--- START ---
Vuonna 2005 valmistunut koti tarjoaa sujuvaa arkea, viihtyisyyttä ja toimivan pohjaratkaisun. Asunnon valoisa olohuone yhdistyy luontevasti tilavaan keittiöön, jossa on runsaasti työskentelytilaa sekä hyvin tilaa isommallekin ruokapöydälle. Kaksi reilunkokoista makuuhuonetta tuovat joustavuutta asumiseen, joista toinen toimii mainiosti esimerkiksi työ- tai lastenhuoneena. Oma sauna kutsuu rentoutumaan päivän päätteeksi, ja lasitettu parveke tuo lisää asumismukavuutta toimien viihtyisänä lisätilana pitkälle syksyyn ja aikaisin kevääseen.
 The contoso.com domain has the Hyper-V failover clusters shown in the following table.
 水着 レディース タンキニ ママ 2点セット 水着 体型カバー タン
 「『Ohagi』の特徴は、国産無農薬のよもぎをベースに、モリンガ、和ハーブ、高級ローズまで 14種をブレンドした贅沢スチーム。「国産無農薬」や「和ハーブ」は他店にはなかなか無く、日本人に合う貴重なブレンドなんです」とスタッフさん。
--- END ---
--- START ---
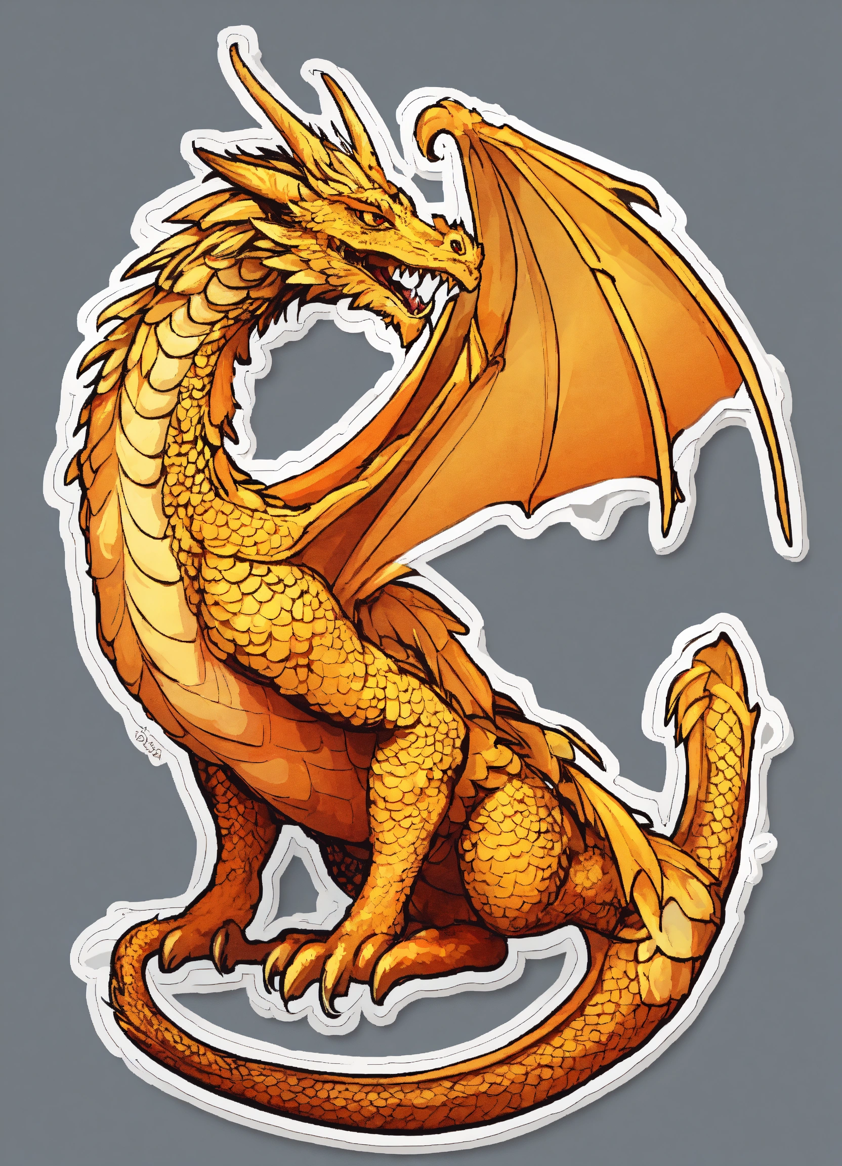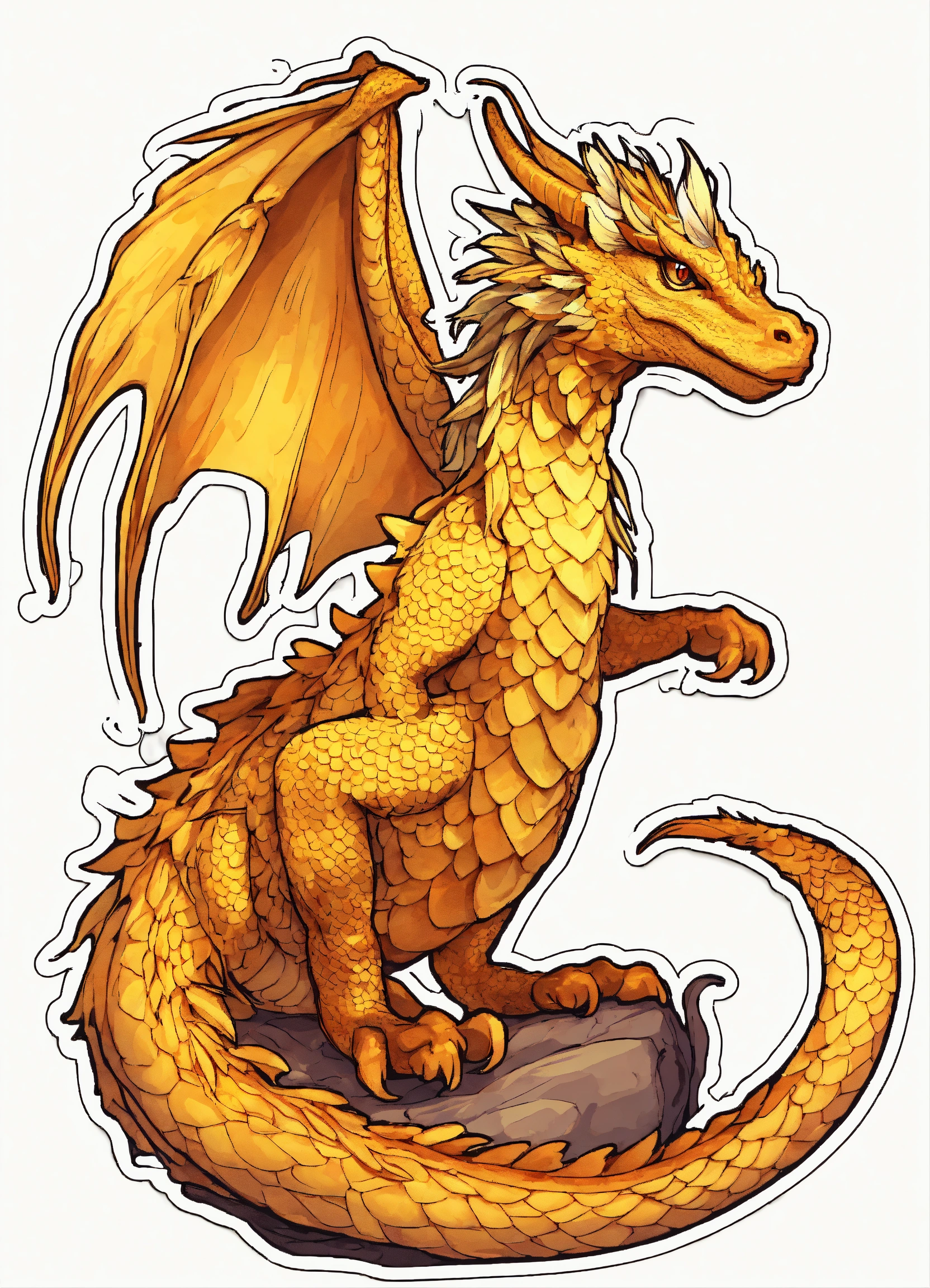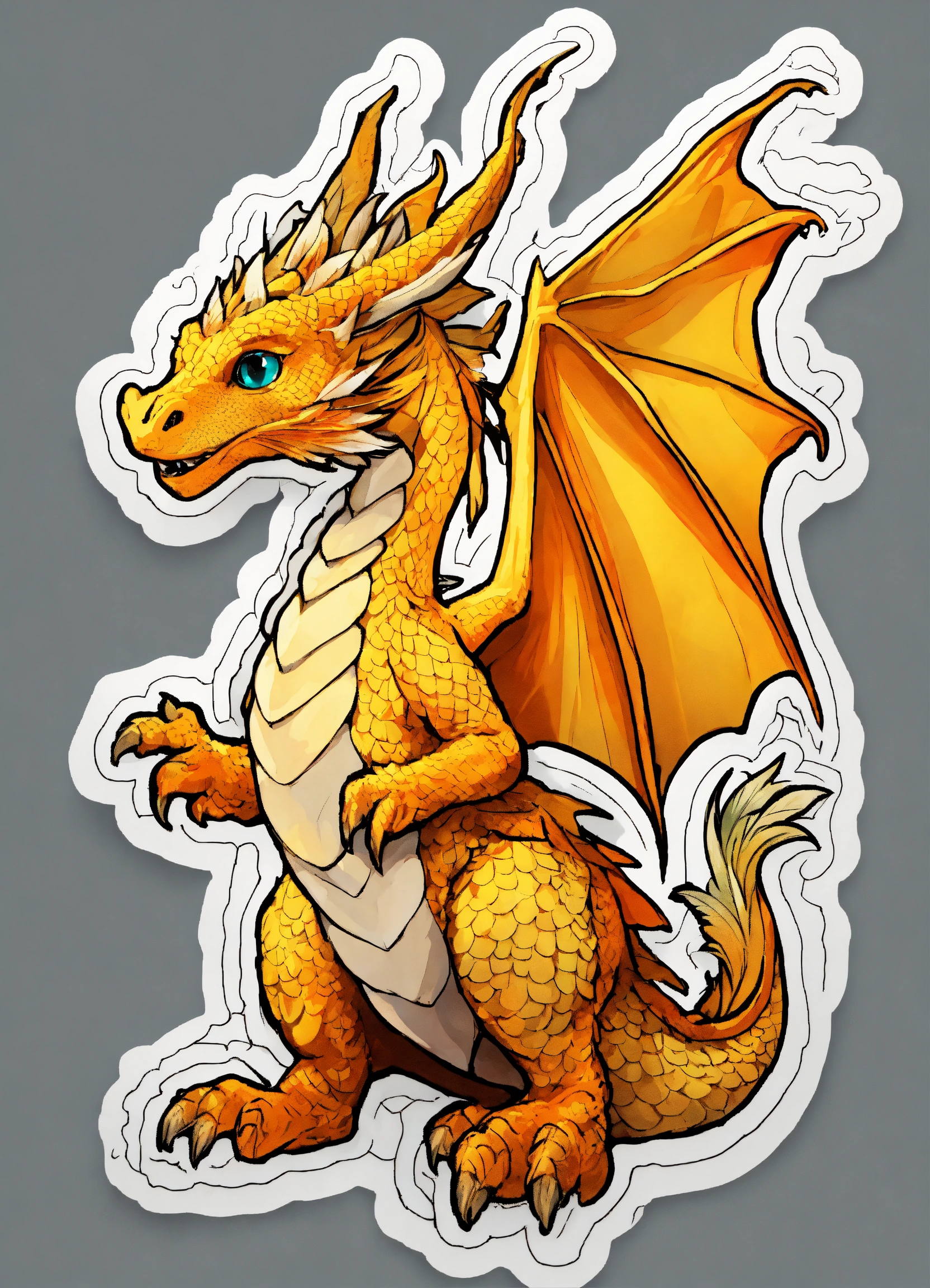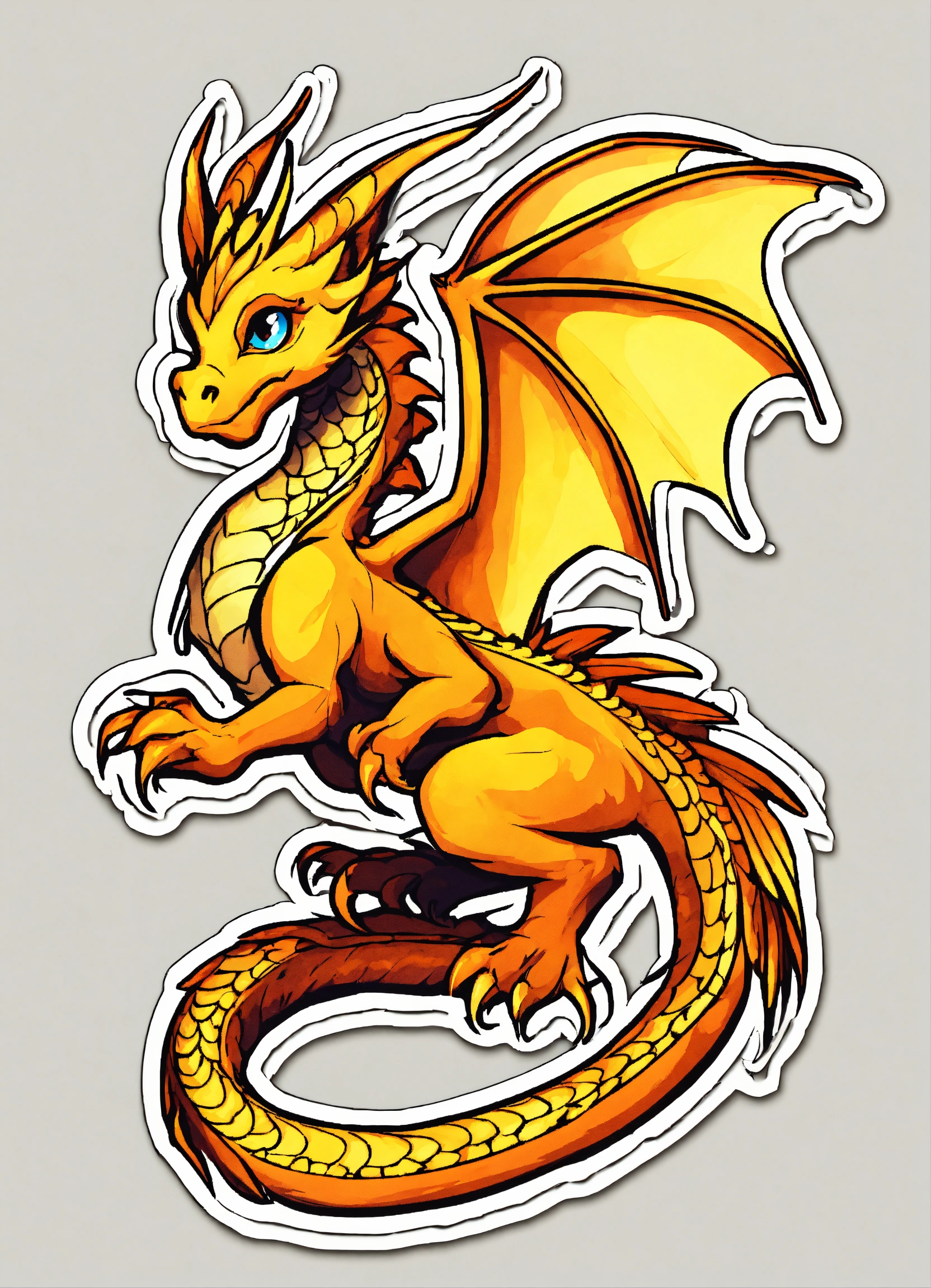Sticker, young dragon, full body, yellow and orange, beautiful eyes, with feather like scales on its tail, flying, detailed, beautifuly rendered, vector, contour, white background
--- END ---
--- START ---
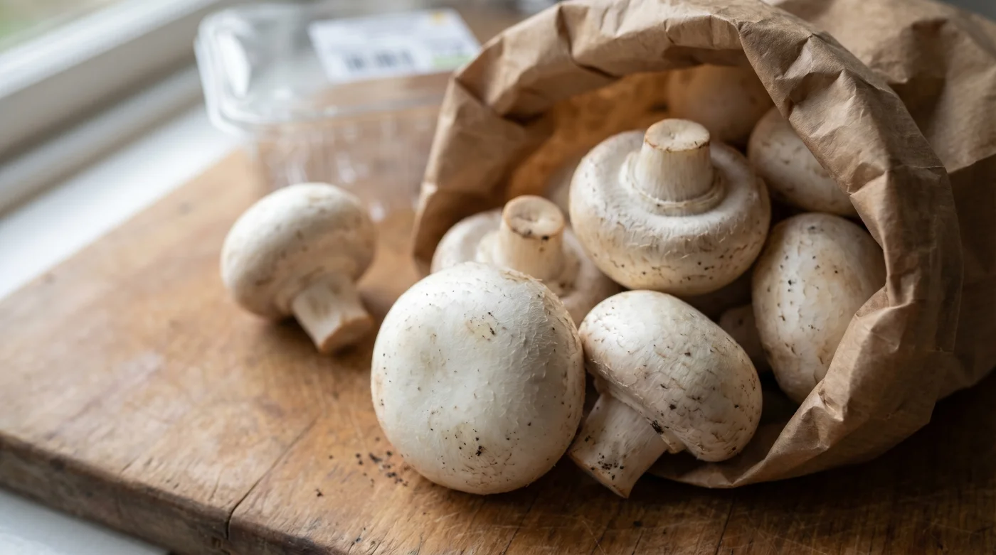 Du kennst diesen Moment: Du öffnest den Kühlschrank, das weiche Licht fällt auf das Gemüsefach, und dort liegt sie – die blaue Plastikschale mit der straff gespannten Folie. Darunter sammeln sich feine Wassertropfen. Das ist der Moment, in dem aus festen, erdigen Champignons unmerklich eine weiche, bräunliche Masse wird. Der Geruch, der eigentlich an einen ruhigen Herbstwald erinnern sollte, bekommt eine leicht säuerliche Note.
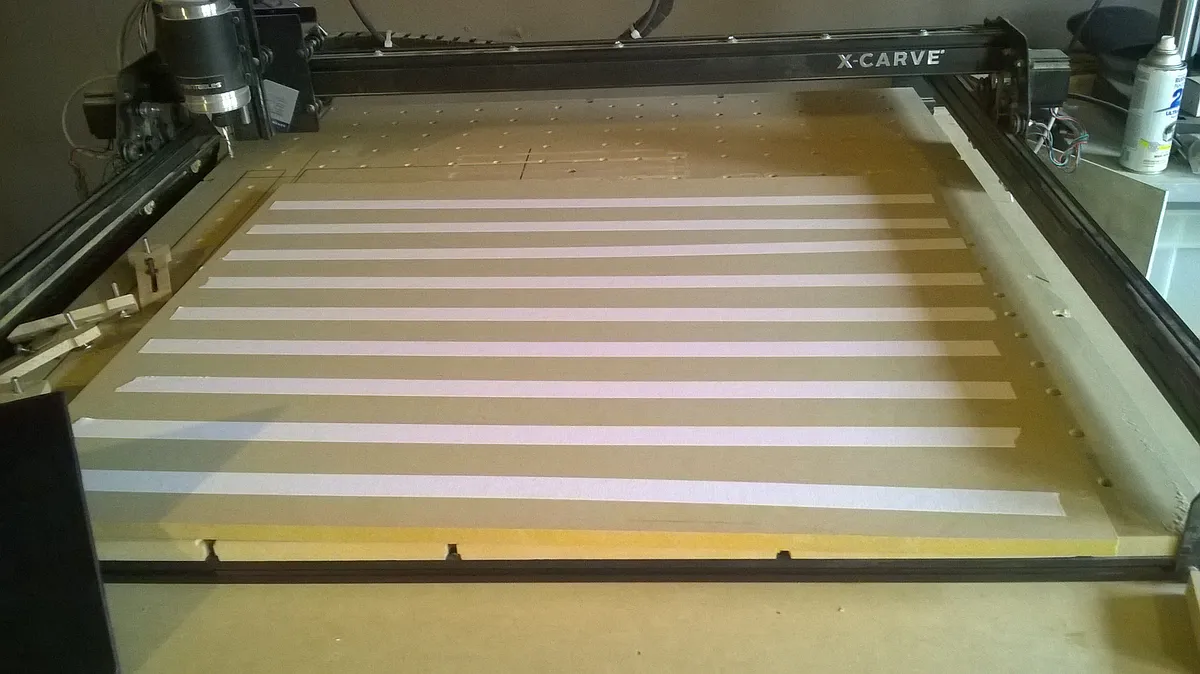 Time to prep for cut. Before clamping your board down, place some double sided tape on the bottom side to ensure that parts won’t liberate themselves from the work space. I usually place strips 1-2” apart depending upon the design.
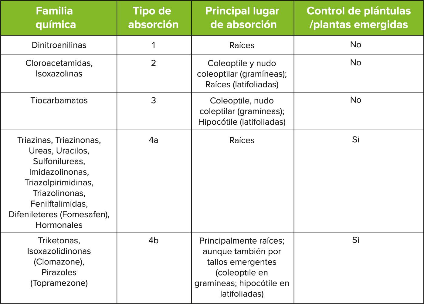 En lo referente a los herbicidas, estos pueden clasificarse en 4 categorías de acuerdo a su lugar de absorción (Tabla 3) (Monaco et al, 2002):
--- END ---
ABOUT THIS EXERCISE
Would you copy the lines above exactly, starting with the one that has "Time to prep" and ending with the one that has "En lo referente", both included, without the pictures?

RESPONSE AREA
 Time to prep for cut. Before clamping your board down, place some double sided tape on the bottom side to ensure that parts won’t liberate themselves from the work space. I usually place strips 1-2” apart depending upon the design.
 En lo referente a los herbicidas, estos pueden clasificarse en 4 categorías de acuerdo a su lugar de absorción (Tabla 3) (Monaco et al, 2002):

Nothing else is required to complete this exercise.